Thursday, November 15, 2018

Blueprint: How DNA Makes Us Who We Are I

Robert Plomin, the behavioral geneticist, has written this book to sum up several decades of his research for general readers. So far, I've only read the initial chapters, which describe research on the characteristics of adopted children compared to their natural and adopting parents and unrelated siblings over time, and research on the characteristics of twins who were adopted into different families. The gold standard for this kind of research is identical twins who have been adopted into different families. Unfortunately, only a few such twins have been studied, and even though those studied indicate a very high correlation between characteristics of identical twins who have been raised apart, the number of identical (monozygotic) twins is too small to produce statistically significant results. The general findings indicate a relatively high correlation between the characteristics of closely related people, suggesting that environmental factors are far less important than genetic relatedness in producing characteristics in people.

Although adoption itself is not a subject that excites me much, I have often wondered whether parents who adopt know what they're getting into. I don't think so. Of the few instances with which I have some familiarity, the results have tended to be disastrous. This was because, as Plomin says, adopted children don't usually have much in common with the families into which they are adopted, and adopting babies, who haven't developed their adult personalities, doesn't improve the odds. Plomin correctly notes that nature significantly outweighs nurture in these situations.

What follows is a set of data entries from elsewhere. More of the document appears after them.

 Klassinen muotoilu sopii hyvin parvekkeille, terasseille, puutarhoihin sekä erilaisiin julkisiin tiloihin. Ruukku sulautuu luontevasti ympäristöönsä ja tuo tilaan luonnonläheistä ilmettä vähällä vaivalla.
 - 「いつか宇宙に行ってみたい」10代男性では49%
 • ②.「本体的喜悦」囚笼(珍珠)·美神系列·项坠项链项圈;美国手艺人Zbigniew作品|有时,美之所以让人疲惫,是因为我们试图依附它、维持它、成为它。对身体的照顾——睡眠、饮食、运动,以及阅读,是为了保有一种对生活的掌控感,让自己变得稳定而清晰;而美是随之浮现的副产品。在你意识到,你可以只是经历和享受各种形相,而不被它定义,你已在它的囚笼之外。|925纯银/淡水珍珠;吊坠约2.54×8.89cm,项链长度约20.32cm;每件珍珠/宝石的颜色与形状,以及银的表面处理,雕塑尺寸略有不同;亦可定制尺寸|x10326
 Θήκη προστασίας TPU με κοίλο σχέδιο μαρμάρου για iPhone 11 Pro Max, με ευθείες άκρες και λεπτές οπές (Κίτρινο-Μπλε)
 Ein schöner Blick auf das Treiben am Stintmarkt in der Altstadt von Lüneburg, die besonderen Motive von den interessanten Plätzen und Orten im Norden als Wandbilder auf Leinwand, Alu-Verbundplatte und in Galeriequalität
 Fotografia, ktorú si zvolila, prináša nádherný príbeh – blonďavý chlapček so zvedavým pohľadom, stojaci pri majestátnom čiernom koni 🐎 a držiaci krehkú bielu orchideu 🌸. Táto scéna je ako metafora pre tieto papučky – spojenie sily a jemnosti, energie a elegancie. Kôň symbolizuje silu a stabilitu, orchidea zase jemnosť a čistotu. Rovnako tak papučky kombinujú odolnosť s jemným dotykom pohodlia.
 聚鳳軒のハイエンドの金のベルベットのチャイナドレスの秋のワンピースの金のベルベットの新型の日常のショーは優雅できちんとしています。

So far in the book Plomin has not used the kind of language that I use to think about the issues associated with heritability, but it doesn't look as if we are going to have disagreements. For me, this goes way back to my adolescence, when I began to think about determinism. That had more to do with physics and Einstein's famous statement, "God does not play dice with the universe." For many years I hemmed and hawed over whether truly random events occur and even whether paranormal phenomena are real; my current thinking is that we do in fact live in a deterministic universe without true randomness, and that phenomena such as ESP are imaginary. Sean Carroll, my physics guru, apparently believes in determinism, and it makes sense to me. The hard part in physics is admitting that some of the techniques used by physicists to explain reality actually disguise the fact that certain aspects of it are not fully understood. Thus, I now think that true randomness does not exist; randomness is a fudge factor disguising the fact that we don't have the necessary techniques or computational power, and perhaps never will, to provide a detailed description of every event in the universe from the Big Bang onward. My own reasoning is that without a rigid coherence to the universe, it would be too unstable to produce stars and planets, let alone organisms. There is a deep coherence to the universe which I think would be shattered by truly random events.

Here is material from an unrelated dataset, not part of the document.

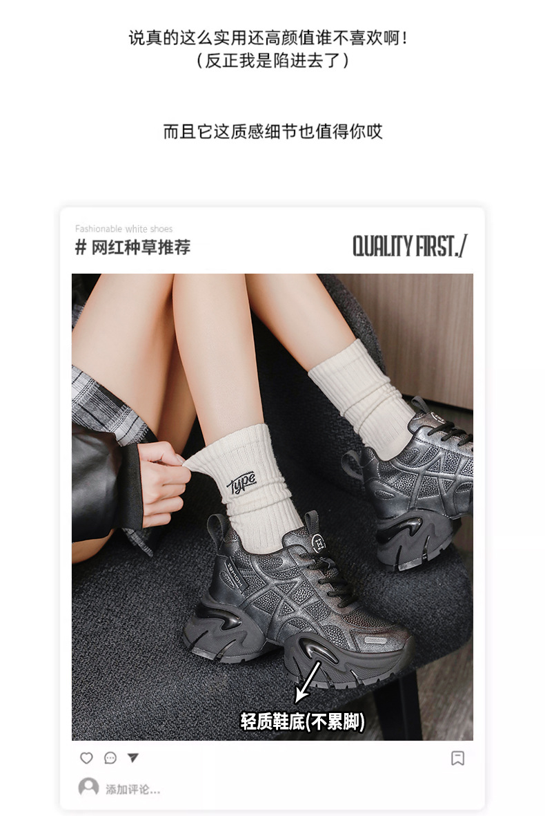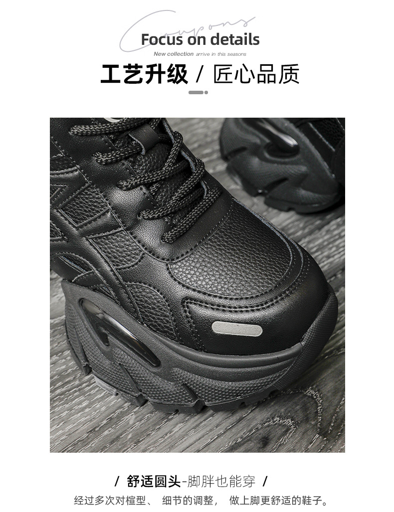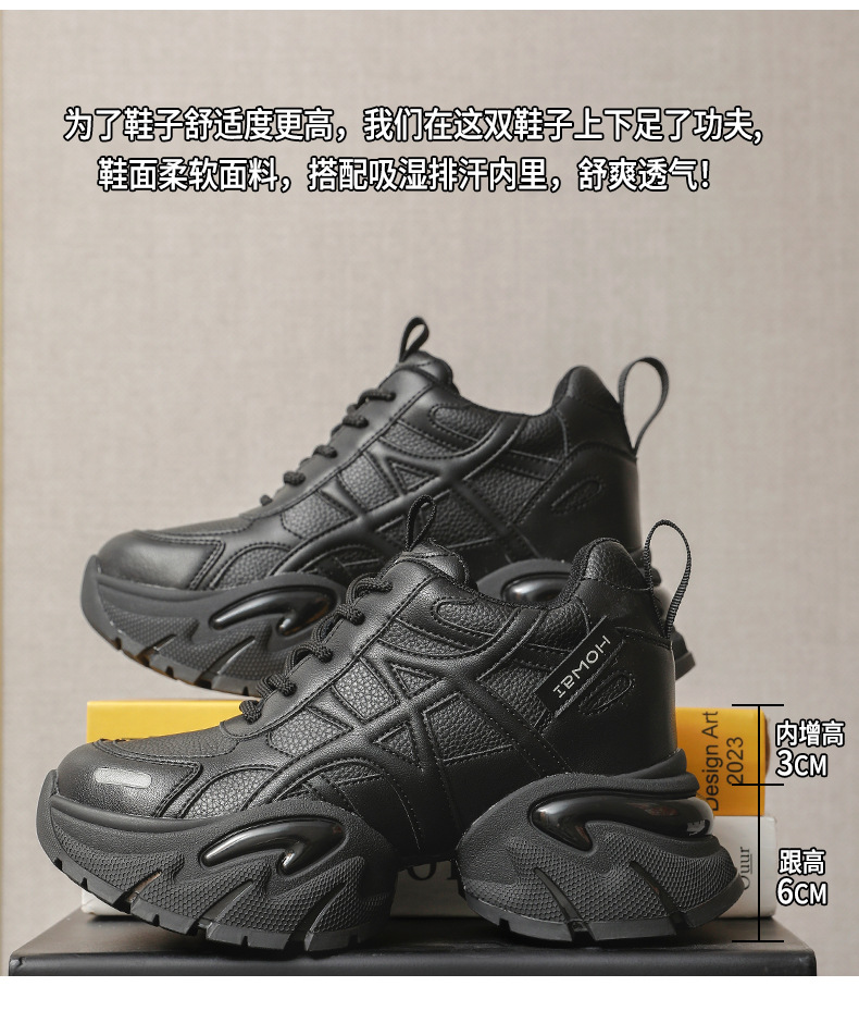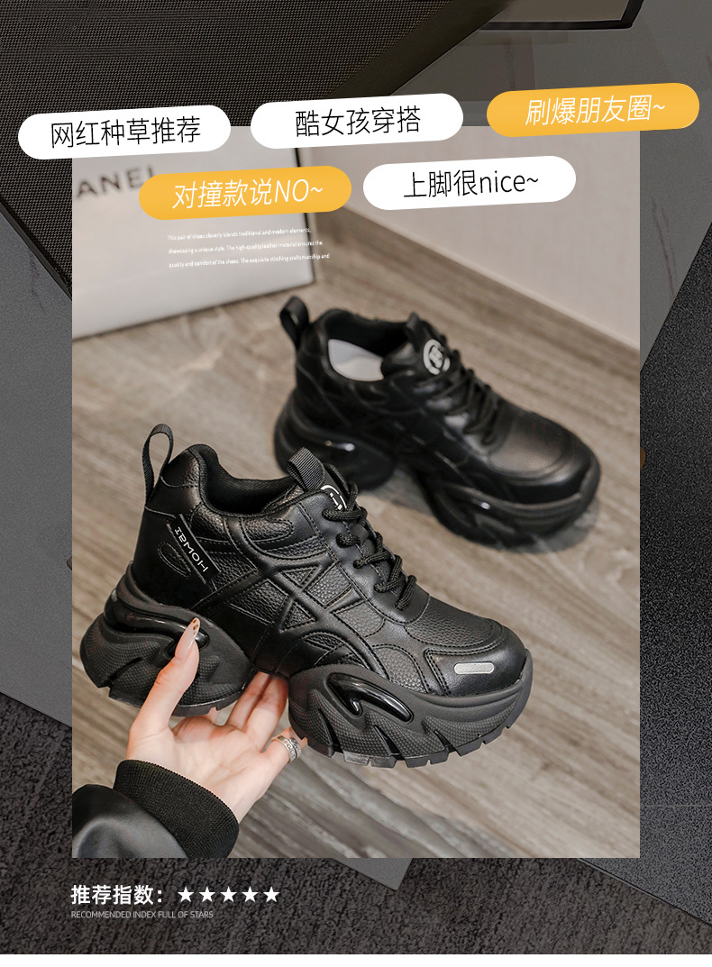 통굽 키높이 아빠 슈즈녀 2025가을 겨울 신상품 가죽 스니커즈 어디에나 매치해 발이 작아 보이는 단화

I have also thought about determinism as it pertains to free will. Ultimately, I was unable to reconcile the existence of free will with the science now associated with Darwinism. Natural selection is a mechanism that produces organisms which survive in their environments, and all living organisms are comprised of certain characteristics that could not be otherwise. As the most cognitively advanced animals, we have a tendency to think that there is some magic ingredient that only we possess. That ingredient, it is said, might be consciousness or free will. My view is that our brains have simply evolved a few tricks that give us an advantage over other organisms, and that, in a broad sense, we're not that different from other mammals. I have little doubt that in due course all of the "higher" functions of Homo sapiens will be linked to ordinary evolutionary processes and DNA. The conceptual problems associated with consciousness will disappear when it can be described with greater precision as an evolutionary adaptation, or at least as a byproduct of an evolutionary adaptation.

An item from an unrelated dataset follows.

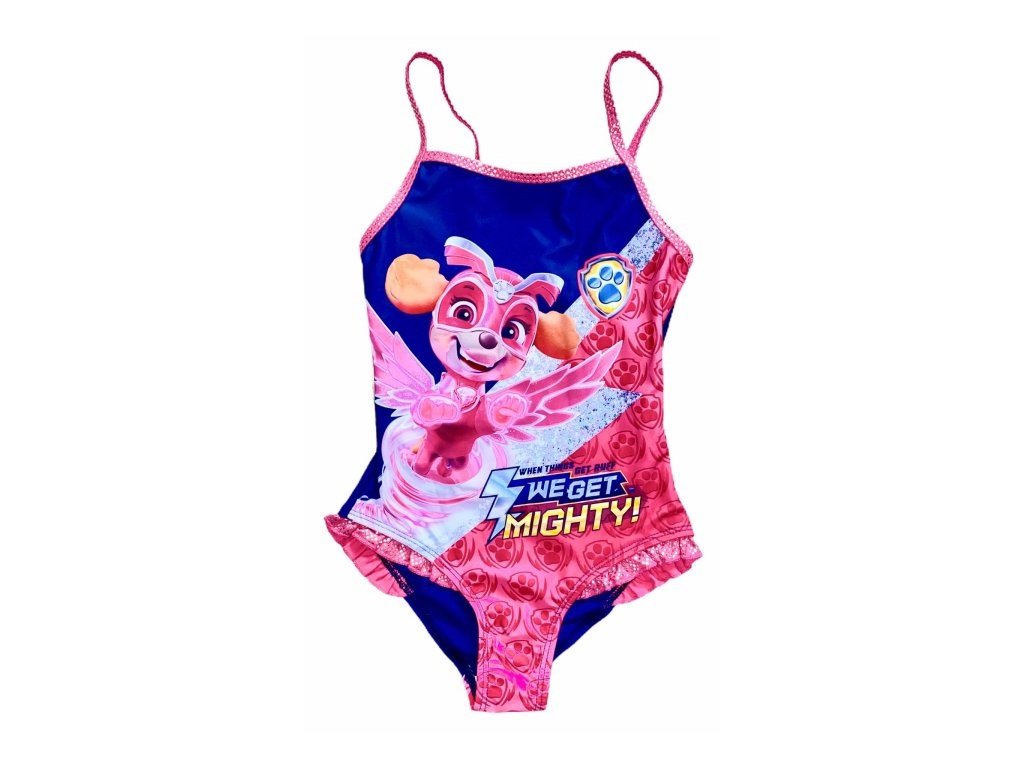 Nádherné plavky s celolátkovým motivem Paw Patrol. Plavky pro holky jsou krásně pružné a velmi pohodlné, přizdobeny drobnými volánky. Lemy a volánky jsou přizdobeny třpytivými metalickými puntíky.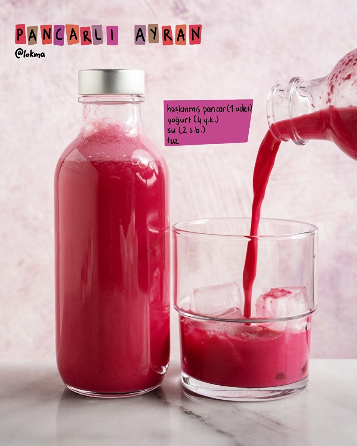 🧂Pancarlı Ayran 1 haşlanmış pancar 4 yemek kaşığı yoğurt 2 su bardağı su Tuz

Plomin only slightly touches on these topics, but he is engaging in an important demystification process that could eventually help produce better ways of organizing society by taking into account the innate differences between people. Later chapters, which I haven't read yet, look more closely at personality traits and DNA associations. Thankfully, Plomin, unlike some other science writers, is interested in the policy implications of this work, and I am looking forward to reading what he has to say. He has done groundbreaking research which will put to rest some of the ideas that have been circulating unquestioned for decades in politically correct circles, which are often composed of well-educated people who tend to ignore science. The book isn't that long, and I'll probably finish discussing it on my next post.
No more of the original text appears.